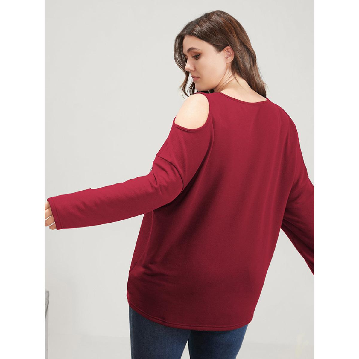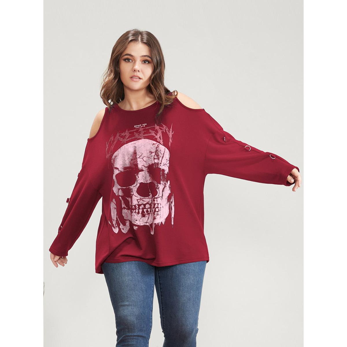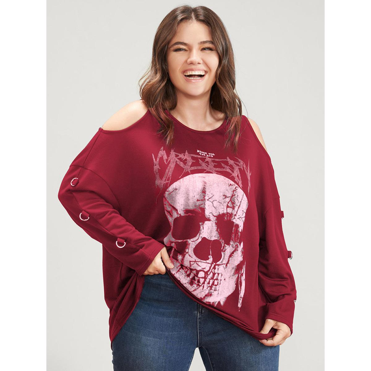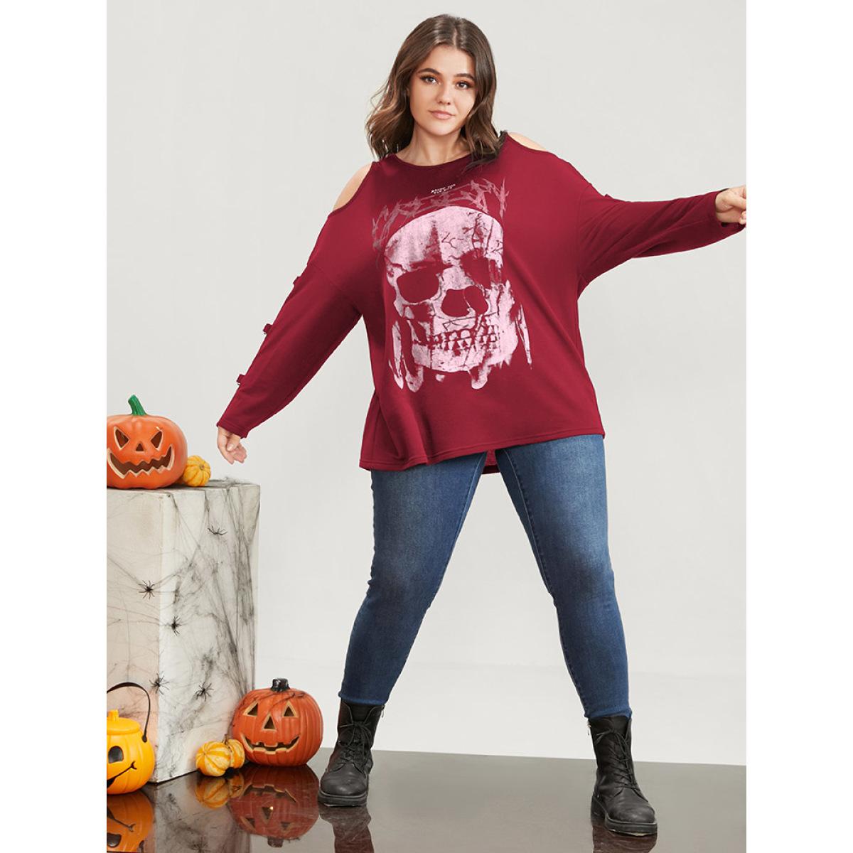 Plus Size Halloween Skull Print Cold Shoulder Sweatshirt Women Scarlet Elegant Printed Round Neck Dailywear Sweatshirts BloomChic 22-24/3X
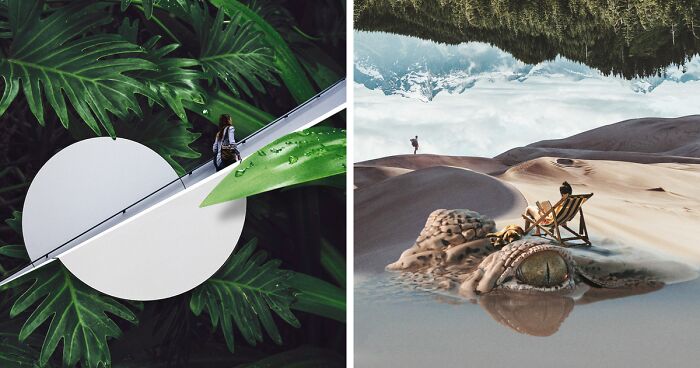 Hey! Check out this crazy series of collages where nature and reality get all mixed up in trippy ways. It’s like your brain went on a wild adventure through stuff you thought you knew, but then BAM - surprise! Enjoy the wild ride.
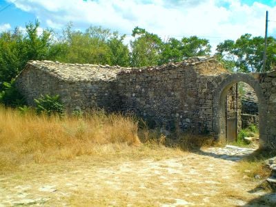 El conjunto arquitectónico comprende tres edificios separados: una granja fortificada con patio central, una taberna rectangular y una casa rural modesta.
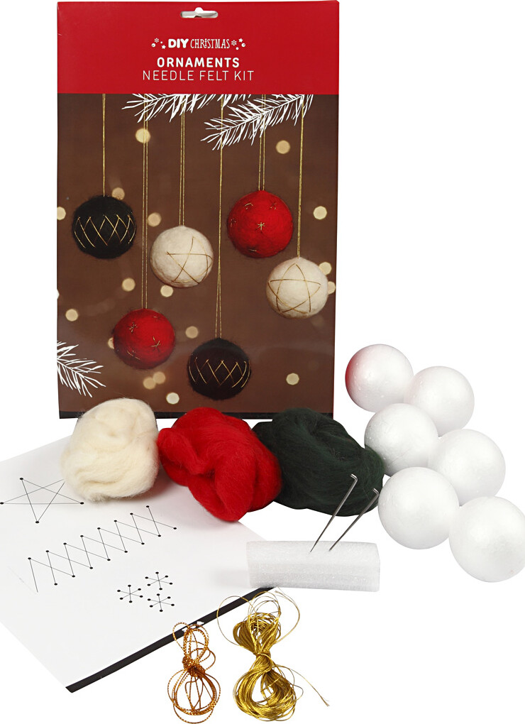 Dette materialssæt tilbyder dig alt, hvad du behøver for at skabe seks nålefiltede julekugler,...
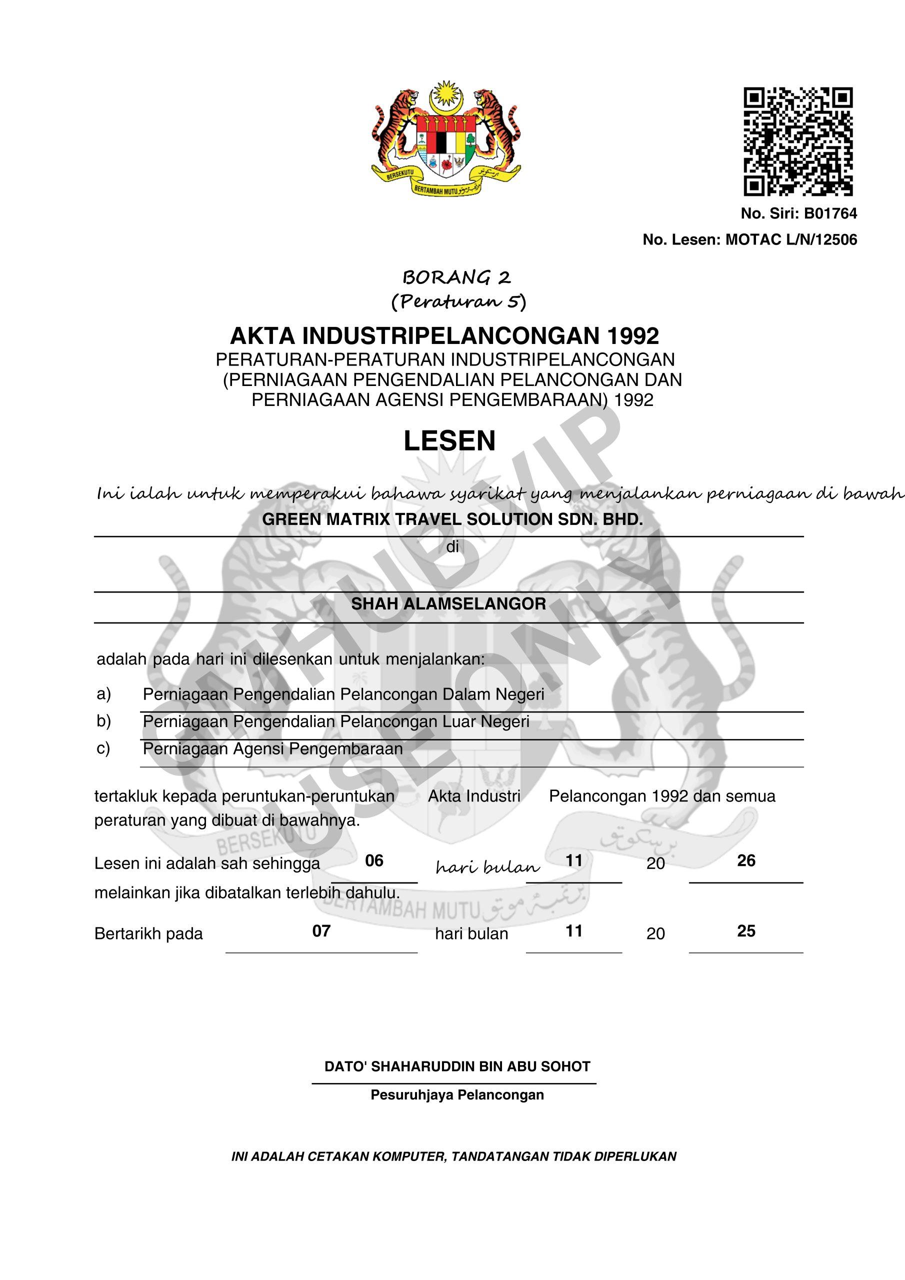 Lesen dari Kementerian Pelancongan Seni & Budaya Malaysia.

# # # # #

§ What you are asked to do
Your answer must be an exact copy of the lines from the one with "El conjunto arquitectónico" through the final line of the data, both included, without any pictures.

§ Response to this exercise
 El conjunto arquitectónico comprende tres edificios separados: una granja fortificada con patio central, una taberna rectangular y una casa rural modesta.
 Dette materialssæt tilbyder dig alt, hvad du behøver for at skabe seks nålefiltede julekugler,...
 Lesen dari Kementerian Pelancongan Seni & Budaya Malaysia.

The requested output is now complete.